In aggiunta al grande blocco, c’è il decreto dello scorso 6 dicembre con il quale il Miur ha tolto la clausola di salvaguardia per gli atenei sui cosiddetti “punti organico”. La clausola, ovviamente, garantiva le università con parametri peggiori (costo del personale rispetto al Fondo ordinario, per esempio). Posizionati al Sud e nelle zone dei terremoti. L’Università della Calabria è passata da 31 a 25 punti organico. E il rettore Gino Crisci ha scritto al viceministro Lorenzo Fioramonti: “Siamo un ateneo vìrtuoso con costi al 72 per cento, un indebitamento allo zero e una compatibilità finanziaria superiore all’uno, numero spartiacque. Poiché il territorio è povero, noi applichiamo tasse agli studenti inferiori alla media e questo, nei calcoli ministeriali, ci danneggia”. Ora si aggiunge il blocco delle assunzioni. “E’ un fatto disastroso”, ancora Crisci: “Veniamo da anni di immobilismo e se questo provvedimento sarà approvato il colpo sarà durissimo”.

Anche l’Università di Catania ha avuto un calo di quattro punti organico (da 41,52 a 37,8), 2018 su 2017, frutto della stessa liberalizzazione delle assegnazioni.
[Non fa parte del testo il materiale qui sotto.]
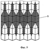 Операции зеркального отображения, изменения направления выдавливания и исключения рифтов, попавших за пределы пилообразных линий, продолжаются до тех пор, пока все отображаемые рифты не окажутся за пределами пилообразных линий. Затем все рифты, лежащие между пилообразными линиями, зеркально отображаются относительно пилообразной линии 3 (фиг.11). Полученная многоугольная зона, содержащая сопрягаемые рифты, является элементарным модулем зоны сопряжения рифтозадающей грани. Он распространяется в направлении зигзагообразной линии на всю длину гофра и формирует зону сопряжения грани (фиг.9).

Vi sono atenei al Nord che, d’altro canto, hanno visto triplicare le assegnazioni. “Questa diminuzione”, dice il rettore Francesco Basile, “rende estremamente difficoltoso per il nostro ateneo consolidare i risultati positivi già raggiunti e soprattutto continuare una politica di rilancio della qualità dell’offerta formativa e dei risultati della ricerca”.

Altri atenei del Sud hanno fatto registrare buone performance amministrative e sono stati premiati con nuove “assunzioni in potenza” (appunto, i punti organico). “I vincoli della spesa restano però così stretti che non possiamo assumere comunque”, spiega il rettore del Politecnico di Bari, Eugenio Di Sciascio.